Your Meditation Quickstart Guide

Written by Kyle Schauenberg

Meditation is simple. It’s as simple as resting into the feeling of something you love.   There are certainly ways to be skillful with meditation, but the function of it is actually innate. You already know how to meditate. Your body loves and craves meditation. And there is a simple way to offer yourself this practice without much instruction.

In fact, even if you think that you have never meditated before, you absolutely have. Your body will grab opportunities to go into a meditative state whenever it can. This happens when you daydream or take a little rest or just allow yourself to be struck by beauty and linger there. Meditation is the way your body resets, processes life, and even fortifies itself against future stressors. In other words, meditation is the body’s innate regeneration function, and it wants to meditate in order to optimize its energy efficiency.

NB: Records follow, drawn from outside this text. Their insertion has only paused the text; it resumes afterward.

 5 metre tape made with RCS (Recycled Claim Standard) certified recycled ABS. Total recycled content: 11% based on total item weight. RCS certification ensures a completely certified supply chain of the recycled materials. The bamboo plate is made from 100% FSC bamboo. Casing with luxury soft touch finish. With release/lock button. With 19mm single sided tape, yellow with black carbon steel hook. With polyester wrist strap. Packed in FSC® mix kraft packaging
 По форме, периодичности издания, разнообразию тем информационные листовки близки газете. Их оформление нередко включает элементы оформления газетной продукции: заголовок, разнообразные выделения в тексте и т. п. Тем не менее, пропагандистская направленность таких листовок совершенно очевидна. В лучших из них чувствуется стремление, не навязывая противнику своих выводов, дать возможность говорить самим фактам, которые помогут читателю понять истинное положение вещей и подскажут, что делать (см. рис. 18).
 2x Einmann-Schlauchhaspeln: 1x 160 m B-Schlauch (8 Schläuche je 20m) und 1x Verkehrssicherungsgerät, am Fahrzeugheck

But people have a tendency to interrupt the meditation process, usually in favor of “being productive” or because they are discouraged when they begin thinking about stressful things. People don’t realize that stressful thoughts are a natural and important aspect of meditation. This is a key part of how the body repairs the wear-and-tear of a day. It’s the body’s way of evaluating and healing its stressors, and refining itself to be more resilient to them in the future.

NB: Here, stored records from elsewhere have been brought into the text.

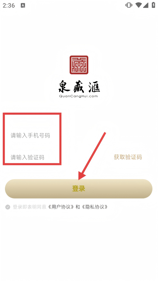 4、在登錄界面輸入手機(jī)號(hào)碼、驗(yàn)證碼,點(diǎn)擊【登錄】,完成登錄后即可參與古錢幣拍賣出價(jià)。
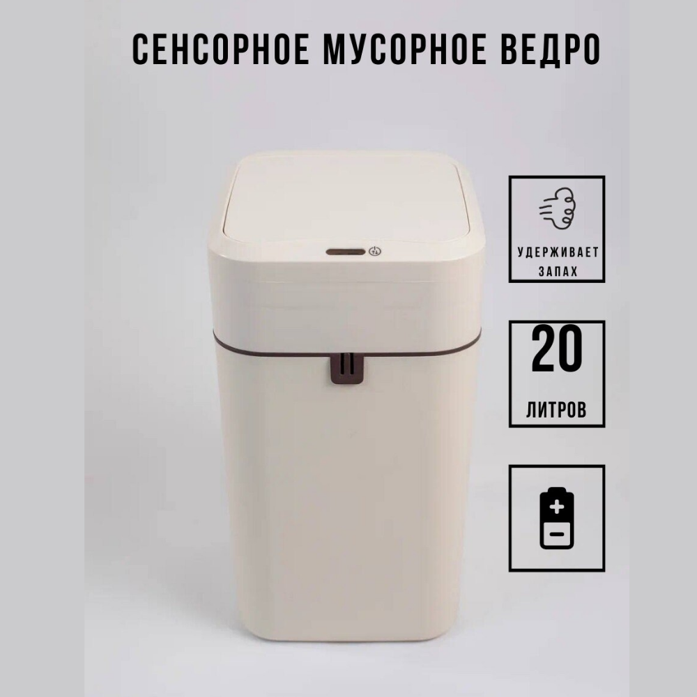 Сенсорное мусорное ведро, 20 литров, на батарейках, с функцией авто-расправления пакетов и подсветкой информация:
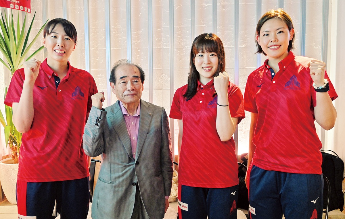 バレーボールⅤリーグ女子を2連覇したNECレッドロケッツ川崎の甲萌香選手、島村春世選手、田中瑠奈選手が5月27日、後援会(田中徳一郎会長)主催の優勝祝賀会に出席し、新シーズンに向けて抱負を語った。

And so it helps to know what to expect and how to engage with the experience of meditation, so that we don’t interrupt the flow of this naturally occurring, regenerative function of the nervous system. Creating an intentional meditation practice will help to develop meditation skills naturally, and harness the experience of meditation when it spontaneously occurs throughout your day.

Here is your “Quickstart Guide to Meditation”

1. Choose a comfortable and safe place to be (sit, walk, lie down, etc.)


2. Decide how long you would like to meditate and set a timer with a gentle alarm.


3. Take a moment to choose any aspect of life that makes you feel good.  It could be the thought of something that makes you feel alive or in a state of love, an element of life you adore or appreciate so much that you would merge with it if you could. This can be a memory, a fantasy, an idea, a feeling, a scenic place, a person, a hope, etc.  And the more delightful, the better.


4. Create a mantra – a word or short phrase that invokes this aspect of life that you have chosen for your meditation. This is both your entry point to meditation and the primary essence of the experience. Be with it gently, adoringly; cherishing your mantra and allowing yourself to feel cherished by it.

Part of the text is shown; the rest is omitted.